Cult of Luna & Julie Christmas – Mariner review
Dubstep breaks in 19 minute songs and clean vocal experimentation aside, it felt like Cult of Luna got stuck in a bit of a rut with “Vertikal”. The album has some fine moments, but most of the moods and sounds were already present on “Eternal Kingdom”. I guess the band felt they same since they decided to go for a quirky collaboration with female vocalist Julie Christmas.
The inclusion of Julie Christmas on “Mariner”
Julie is certainly an eccentric singer. She has a shouty, abrasive and sometimes cartoonish voice that’s bound to obliterate every eardrum that comes close to “Mariner”. Getting used to her vocal approach is obviously going to be a key factor to enjoying this album, and something that will polarize opinions. I’d place myself somewhere in between. She’s not the most sincere vocalist, but the sheer velocity of her sounds often works well with the backbone of sludgy metal music presented here. Interestingly, Cult of Luna hasn’t really changed much musically despite the brave vocalist collaboration. It’s essentially the same approach as on “Eternal Kingdom” and “Vertikal”. If anything, they’ve reduced the amounts of buildups and dynamic shifts for a more straight sludge approach. Bringing Julie in while staying so true to the musical blueprint is a perplexing mix of decisions.

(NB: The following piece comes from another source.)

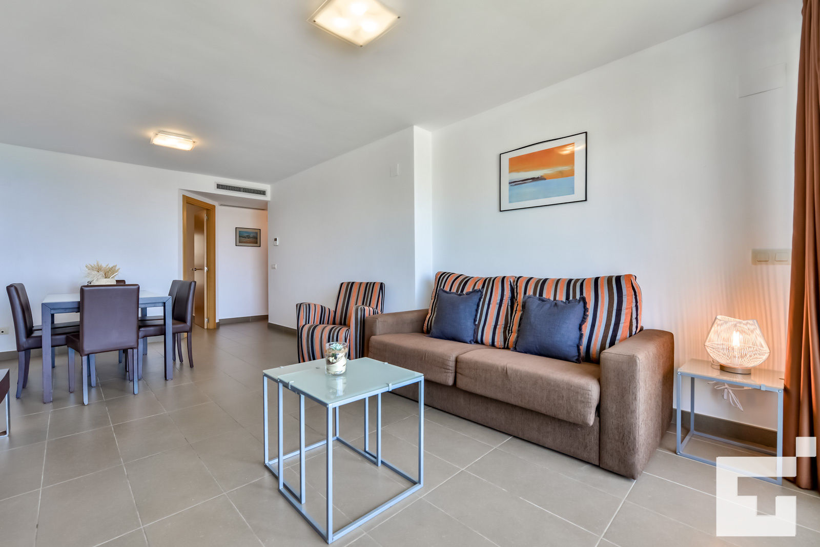 • Wohn-/Esszimmer mit Klimaanlage, Fernseher und Schlafsofa

The vocal and music interplay
The interplay between the vocals and the music becomes the key here, because it is truly a collision of two different worlds. They don’t waste time showing it off, as the first heavy part in “A Greater Call” has a tradeoff between trademark Cult of Luna hardcore screams and Julie’s strange vocal approach. My overall impression is that the interplay is hit and miss. Sometimes it feels it’s two different artists just playing simultaneously, and sometimes it works. It comes together the best on “The Wreck of S.S. Needle”, my favorite song on the album. It’s got a pretty typical stomping Cult of Luna groove going, and Julie lets her shouts take command. These moments where they come together as one unit sound great, but it doesn’t excel often enough. This leads me to my main beef: the album would’ve needed more memorable instrumentation. It’s lacking even compared to “Vertikal”, and it makes me think that they scaled everything down to put full focus on the vocals. These decisions means that the vocals need to go from an exciting touch to actually driving the songs, which isn’t always the case.
The last two songs are also lacking compared to the first three. “Approaching Transition” unsuccessfully tries to build on the clean vocal momentum from “Passing Through” on the previous album, and feels surprisingly stale in comparison. Closer “Cygnus” mostly repeats ideas from the other songs. It also has the least successful female vocal approach on the album, as Julie sounds forced and annoying in the more screamy parts. Negatives aside, the unadultered clash between Cult of Luna and Julie makes this one of the more fresh albums this year. It’s not always successful, but it rarely gets boring.